Cocaine and alcohol are frequently used simultaneously and this combination is associated with enhanced toxicity. We recently showed that active cocaine abusers have a markedly enhanced sensitivity to benzodiazepines. Because both benzodiazepines and alcohol facilitate GABAergic neurotransmission we questioned whether cocaine abusers would also have an enhanced sensitivity to alcohol that could contribute to the toxicity. In this study we compared the effects of alcohol (0.75 g/kg) on regional brain glucose metabolism between cocaine abusers (n=9) and controls (n=10) using PET and FDG. Alcohol significantly decreased whole brain metabolism and this effect was greater in controls (26 ± 6%) than in abusers (17 ± 10 %) even though they had equivalent levels of alcohol in plasma.
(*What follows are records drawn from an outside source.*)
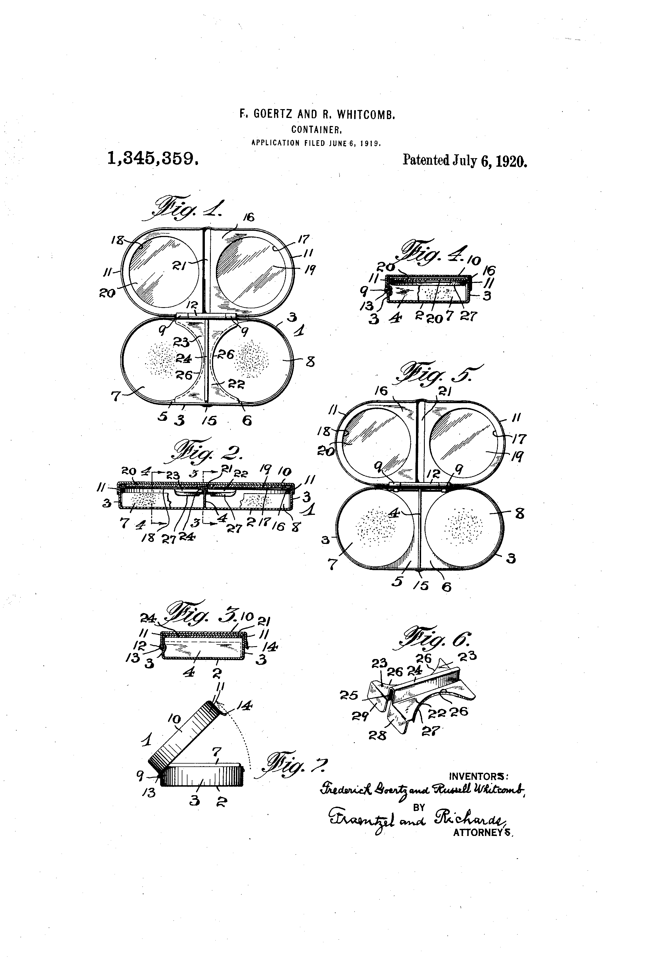 UN@ITED @STA@T@E@S P@A,TENT OFFICE.@ FREDERICK GOEP.TZ, OF 'NEWARK, AND RUSSELL WHITCOMB, OF ELIZABETH, NEW JERSEY, ASSIGNORS TO AUGUST GOERTZ AND CompAwy, A CORPORATIO.W OF NEW JERSEY. 'CONTAINER. 1345 359. Specification of Letters Pate3it. P a t e n t e d J - t i l y 6 @ 1 9 2 0 . Application fLIed June 6, 1919. Serial No. 302,205. To all whogn it may conce-n: Be it known that we, FRFDERIck GOFRTZI a citizen of the Un'tted States, residing at Newark, county of Essex and State of New i ey. aDd RTissr@LL W:RITCOMB a citizen 5 ers of the United States, residing at Elizabeth, in the county of Union and State of New Jersey, have invented certain new and useful Improvements in Cont,,tiners; and we 10 (To herebv declare the fol.lowing to b6 a clear, ,tncl exact description of the invention such as Avill eiiable others skilled in the art to whi.ch it ai)l)ertains to inake and use the same refet-(,ri@e beii-i had to ti-le nipanyiiioclraavings, and to characters .15 '1@cco of reference marli:ed tfiereon, which iorm a part of this specification. This inventi6n relates generally, to improvements in cases or boxes adapted to S 20 coiitain f,.tee-powcler and the preseiit invention has reference rnore particularly, to a novel c6nstruction of toilet ,trticle iii tl-ie form of a double-coinpartm nt po ,I e w er-box or case, adapted to contain po@,v-,Iers, in the r ,tkes, or otherivise, 25 form Of COMPacts 0 c and of di:fferent colors, one comp@,.-,,ct bein-ul red or pink rouge, tnd the other comp I a@t being a white face-powder, the box or case being provided with means for keeping the 30 var I iidusly colored and face-powder I O-LIgo, separate from each otiler, and, f Lirthermore to provide a box or case with a ctkeretaining means which can be r--adily cletached and separat.ed from ,tbove the compartments 35 of the box or case, for the @emovii from or replaping within @ the said compartments of the -Lisu,,,l compacts or cakes 6f rouge and fice--D6wder. Ti@e@ invention has for its 1.)rincip@l ob40 ject to provide a novel and sii@iply-constructed powder-box or ctse of the general character hereint-fter more T-Lilly set foi-th, and for the plirposes tbove gt,,iied, providing o,. box or :casing, in:'Whlch variousl y 45 cl"Ored rouae and face-powder, as compacts or in cake-form or otherwise, ma), be pla6ed for use, aAd may be removed there-.Lrom, if desired, without any possibil.it@ of the powder of one color becoming mixed:or in50 termingling with the powder of anotiler 0 color, or. of the color f the rouo@e s ili the color of the f ace-powder. PO ng The resent invention has for its further p object to provide a powder-box or casing of th.e character stated with a -Liard 6r re- 65 tainin),- means for holdinto., the cornpa'cts or cal@es of different colors in their separated relation within the compartmedts of the box or case, and furthermore, to provide tlle main body 6f the box or case with @ a 60 dividing or separating ivall which serves as a carrier with which said guard or retaiiiing means is adapted. to be brotight into frictional holding or retaining engaoellient, but ma'y be readily d he n etac (I for reMOVtl 65 from the b x or case, wlien necessa ? ryOther ob. je6ts of the present invention not at this ti ticularly enumerated me move par will be clearly ui-iderstood from the followiiiu det,,Liled de@,,cription of the present In- 70 vention. With the variotis objects of the preserit inve nti6n in vieav tlie: said inveiition consists, primtrily, iii tl-ie novel powder-box hereinaft@,-r set forth; and, the present I'n- 75 iition Ae cor.L@,ists, flirthermore, in the no.vel arrangements and combinations of tl-ie V<trious devices aiid p,,trts, as well as in the details of the constrtiction of the said parts, all of which will be more fully described so in the folloividg specification, and then finally emD6die'd in,the clauses of the claims whlcfi ,tre @ti)pended to and -"Ihicli form an esspiitial part of the said'specification.. The inventi6n is fully illustrated in the s5 ace6mpan 3,in- @ra@vings, in which:@Figure 1 is a plan- vi@W of a powder-box or ct@,e shoiving one en-ibodirnent of the principles of,the presont invention, the I box oicase being @epresented )vith its lia opened, 90 and illustrating in connection with the rjaain body of the . b6x or case, tl-ie com@act or powder-cike i-etainino- means in its position for retainin(f tlie rouge and powder-cakes in place. 95 1"ig. 2 is a 16ngitudinal vertieLLI sectional representation of the several parts represeiited in SoLid Fig. 1. but @h6wina the lid in its closed position. Fig. 3 is a t . ransverse vertical section of loo, the device, sai(:l section being taken on Iiiie 3-3 in stid Fig. 2; and Fig. 4 is a similar section, @tdken on line 4-4 in said Fig. 2. ,,g 5 is -view a plan of the powder-box or case, Avith its, lid in opened posifion and lo5 with the p et or po der cake retainin' w 9 me,tns re oved and Pio@. 6 is a perspective view of the said c6mpact or powder-cake retaining means. Fi 7 is an end. view of the powder-box g. 5 or with its lid shown in. its raised or C, ,tse, opened relation. Similar characters of reference@ are einployed in all of the said above describect views, to. indica4@-c corresi,)oiiclin,- parts. lo Re-.@L,erring now to the several figures of the drawings, the reference character 1 indicates the complete p6wcler-box made aecordin.cr to the pr'mciples of the present inveiation, the main body the-l@,4@o'c cornprising a base 2 and side-walls 3@ forming a box 6r clise which is preferably of elongated confio-uration the satne being centrally divided by a laterally extend@in(,,, wall-member 4, stiitably secured in position in any inanner 20 the said wall-member with the b,,tse and sidewalls of the main body of the box 6r case, providing two compartments, as 5 ,tnd 6,, in which the rouge-compact @ tnd the facepoivder cowpact 8 are ad,,tpted to be placed, 25 stibst-,tiitially as shonvn in the several figures of the dra-wings. As 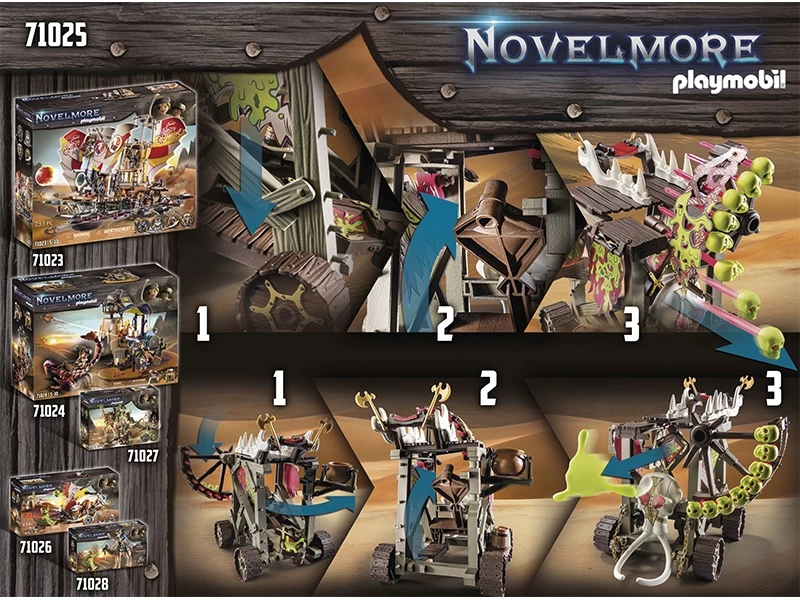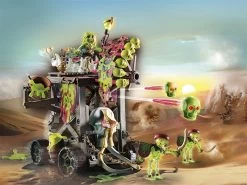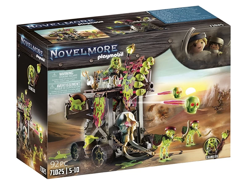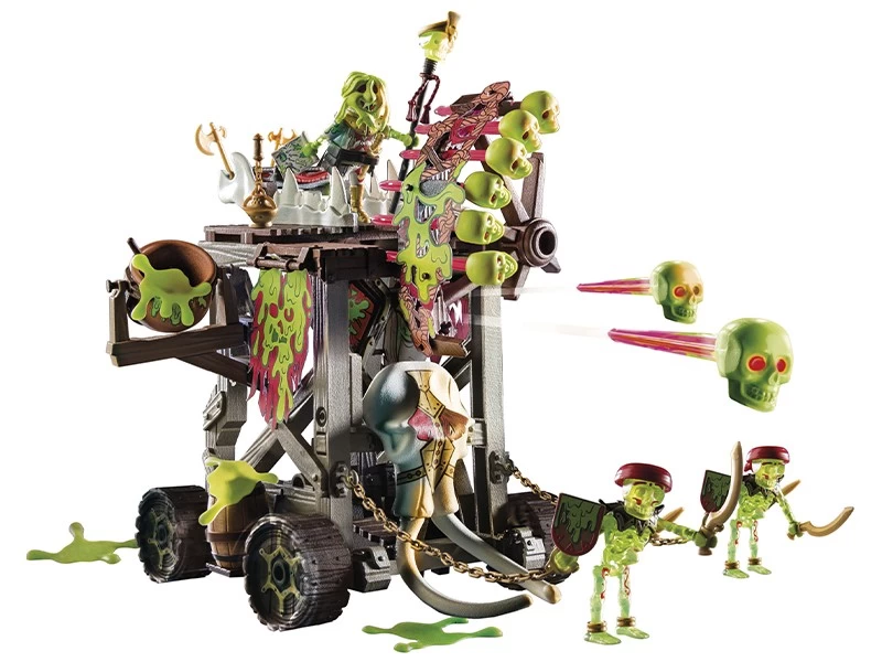 En su torre de ataque, el Ejército de Esqueletos procesa una sustancia para sus peligrosos proyectiles. Además, el Trono del Trueno está protegido por una batería de calaveras que puede disparar proyectiles de calaveras a los enemigos a la velocidad del rayo. La torre con ruedas es tirada por dos espeluznantes esqueletos. Un emocionante set de juego de PLAYMOBIL con muchas funciones para vivir emocionantes aventuras de juego. Para una mayor diversión de juego, la torre de ataque se puede combinar con el set 71027 Arenas de Sal’ahari – Mamut de Mor’Ghul.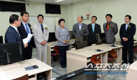 ◇1일 경남대학교 평생교육관에서 열린 게임개발교육원 개원식에서 경남대 박재규 총장 등 참석인사들이 실습실을 둘러보고 있다. 마산=허상욱 기자 wook@sportschosun.com

Analysis of the regional measures showed that cocaine abusers had a blunted response to alcohol in limbic regions, cingulate gyrus, medial frontal and orbitofrontal cortices. Conclusions: The blunted response to alcohol in cocaine abusers contrasts with their enhanced sensitivity to benzodiazepines suggesting that targets other than GABA-benzodiazepine receptors are involved in the blunted sensitivity to alcohol and that the toxicity from combined cocaine-alcohol use is not due to an enhanced sensitivity to alcohol in cocaine abusers. The blunted response to alcohol in limbic regions and in cortical regions connected to limbic areas could result from a decreased sensitivity of reward circuits in cocaine abusers. (C) 2000 Elsevier Science Inc.
- Brain glucose metabolism
- Drug addiction
- Positron emission tomography
ASJC Scopus subject areas
- Biochemistry, Genetics and Molecular Biology(all)
- Pharmacology, Toxicology and Pharmaceutics(all)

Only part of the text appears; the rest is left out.